Holly Munro

Personal information
- Born: 22 July 1998 (age 28) England

Sport
- Sport: Field hockey
- Position: Defender
- Club: Clifton Robinsons

National team
- Years: Team / Caps / Goals
- 2016–2019: England & GB / 16 / (0)
- 2018–2019: Great Britain / 0 / (0)

= Holly Munro =

English international field hockey player

Holly Munro (born 22 July 1998) is a Welsh international field hockey player who plays as a defender for Wales and was in the Great Britain senior squad for the 2019 FIH Pro League.
Having made her international debut in 2022 against South Africa, she also appeared at the Commonwealth Games for Wales in 2022.

She plays club hockey in the Women's England Hockey League Premier Division for Clifton Robinsons.
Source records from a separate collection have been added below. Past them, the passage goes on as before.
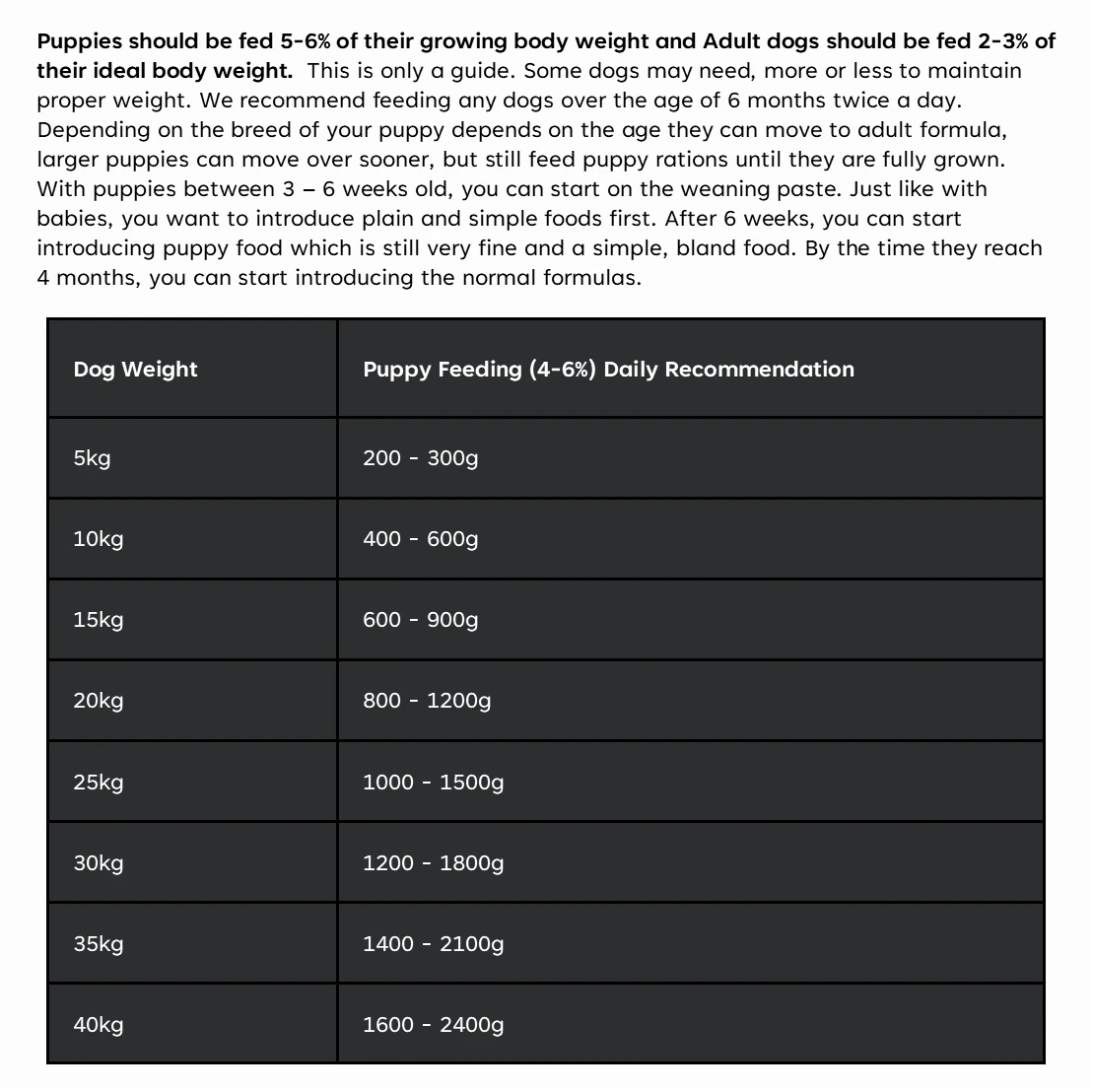 This is only a guide. Some dogs may need, more or less to maintain proper weight. We recommend feeding any dogs over the age of 6 months twice a day. Depending on the breed of your puppy depends on the age they can move to adult formula, larger puppies can move over sooner but still feed puppy rations until they are fully grown.
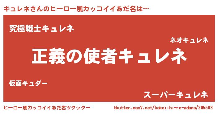 | 男性向けラノベタイトル風あだ名 | 『おまえをオタクにしてやるから、俺をキュレネにしてくれ! 』 |
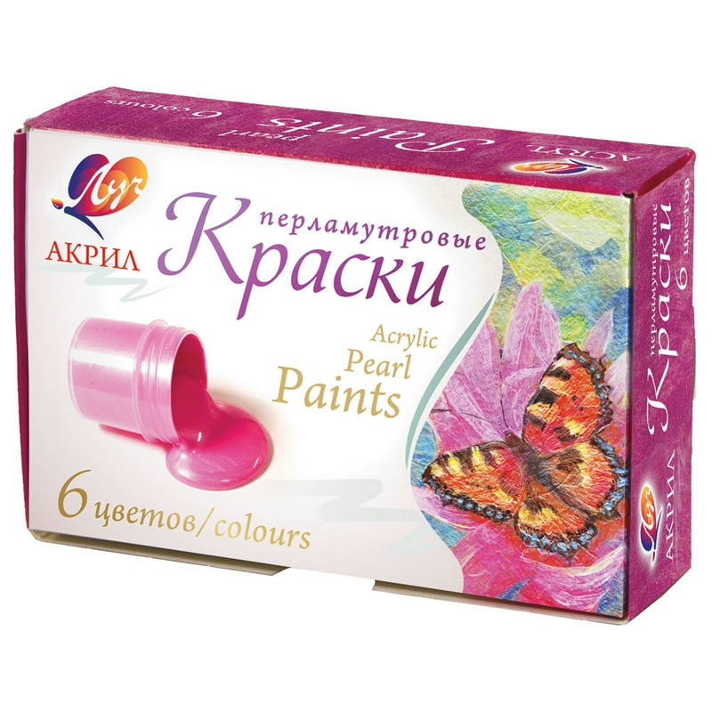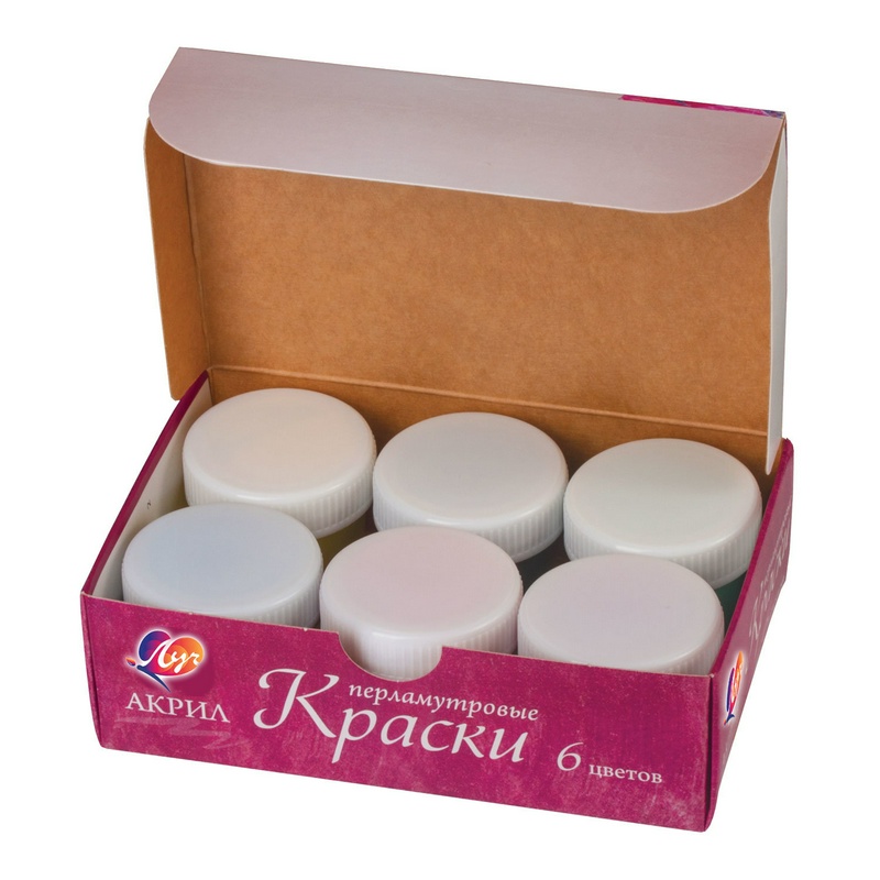 Набор акриловых красок Луч, перламутровые 6 цветов. На акриловой основе, в баночках с закручивающейся крышкой емкостью 15 мл. Без кисти. Преднозначены для нанесения на бумагу, картон, изделия из дерева, гипса, керамики. После высыхания образует водостойкий слой. Быстро сохнут, равномерно наносятся, приобретая глянцевую поверхность, не образует трещин после высыханияне, прекрасно смешиваются между собой. 382860
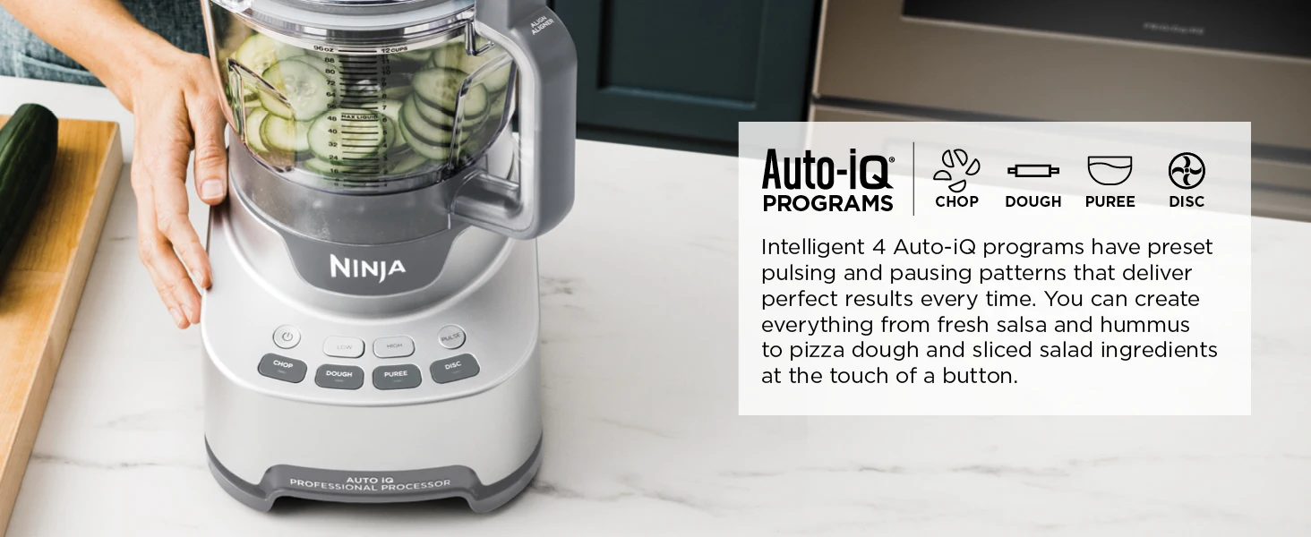 Meet Ninja’s most powerful food processor, the Ninja Professional XL Food Processor. It has never been easier to chop, slice, shred, or mix ingredients. 1200-peak-watt power and Auto-iQ preset programs power through any tough ingredients with none of the guesswork. All the versatility, more capacity than ever before, and easy cleanup all in one.

Having begun her playing career with Richmond Hockey Club before becoming a central piece of Surbiton's Premier League dominance - winning an unprecedented 8 titles in a row. Munro won multiple medals at U18 and U21 European Championships with England - captaining the side in 2017–18 to a famous 3–2 win against Germany.

Away from the hockey pitch, Munro studied psychology at the University of Birmingham.

Her brother, Jack Munro, is an amateur golfer who most recently played in the 151st Open Qualifying and studied at St. Andrews University for his undergraduate and master's degrees.